(Task goal)
Below are records with pictures; copy word for word only the lines between the line with "4億年以上から、生物は生殖器" and the line with "箱体正面的宽度与一罐可乐的宽", inclusive, and drop the pictures.

(The records)
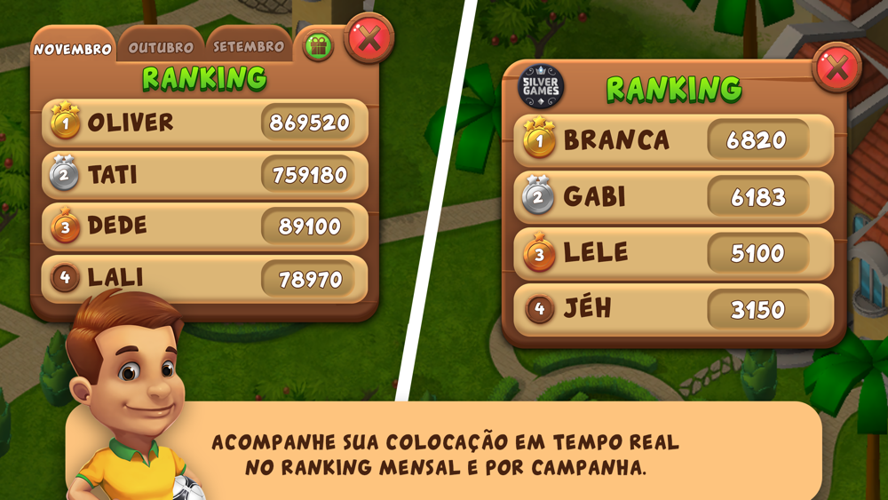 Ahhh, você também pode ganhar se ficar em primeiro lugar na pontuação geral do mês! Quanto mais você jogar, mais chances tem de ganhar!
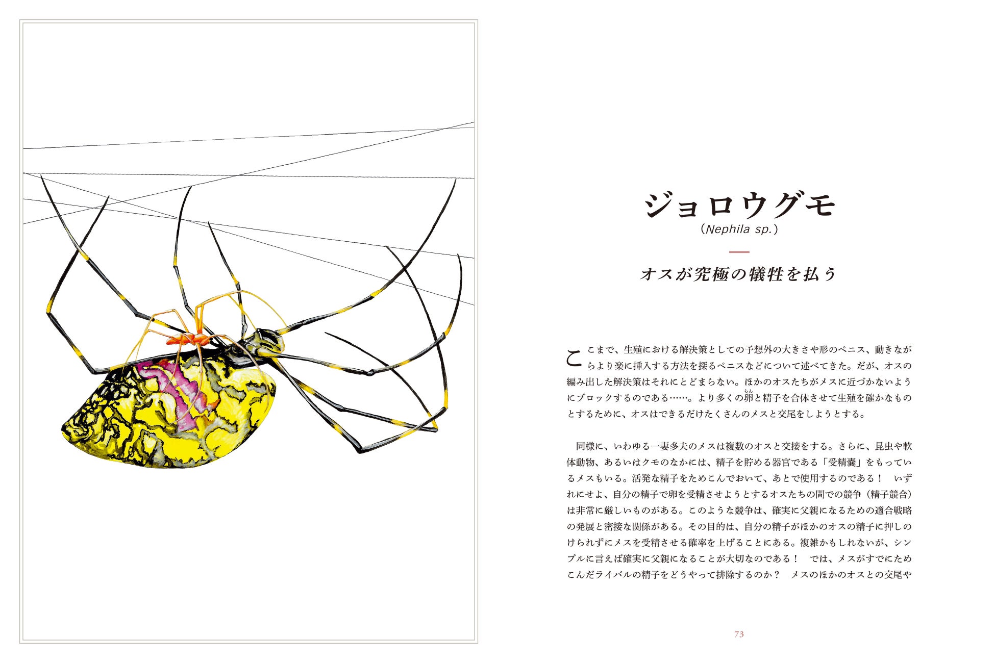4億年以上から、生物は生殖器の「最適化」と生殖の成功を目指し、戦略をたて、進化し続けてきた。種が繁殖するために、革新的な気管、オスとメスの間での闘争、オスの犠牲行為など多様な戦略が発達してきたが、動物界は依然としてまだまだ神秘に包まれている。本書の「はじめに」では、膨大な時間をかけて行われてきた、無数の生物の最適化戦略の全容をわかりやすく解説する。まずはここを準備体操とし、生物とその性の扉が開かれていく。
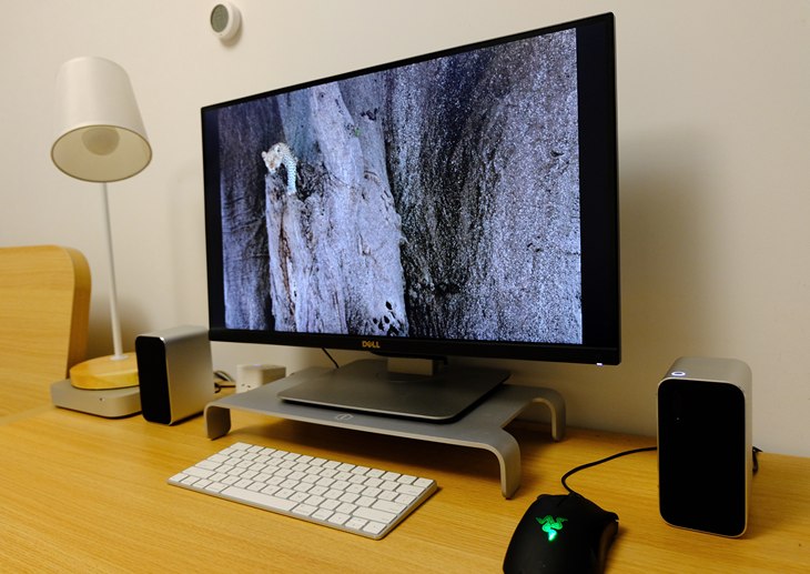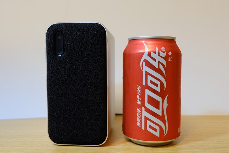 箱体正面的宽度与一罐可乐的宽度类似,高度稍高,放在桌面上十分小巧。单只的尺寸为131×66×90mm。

--

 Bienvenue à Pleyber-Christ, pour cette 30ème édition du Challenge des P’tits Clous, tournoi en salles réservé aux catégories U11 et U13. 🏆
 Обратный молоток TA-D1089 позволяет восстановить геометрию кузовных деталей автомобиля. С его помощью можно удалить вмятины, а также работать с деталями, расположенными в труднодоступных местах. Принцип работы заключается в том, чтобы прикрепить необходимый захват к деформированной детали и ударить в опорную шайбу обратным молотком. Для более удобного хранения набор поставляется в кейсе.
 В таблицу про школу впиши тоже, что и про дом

(Result below)
4億年以上から、生物は生殖器の「最適化」と生殖の成功を目指し、戦略をたて、進化し続けてきた。種が繁殖するために、革新的な気管、オスとメスの間での闘争、オスの犠牲行為など多様な戦略が発達してきたが、動物界は依然としてまだまだ神秘に包まれている。本書の「はじめに」では、膨大な時間をかけて行われてきた、無数の生物の最適化戦略の全容をわかりやすく解説する。まずはここを準備体操とし、生物とその性の扉が開かれていく。
 箱体正面的宽度与一罐可乐的宽度类似,高度稍高,放在桌面上十分小巧。单只的尺寸为131×66×90mm。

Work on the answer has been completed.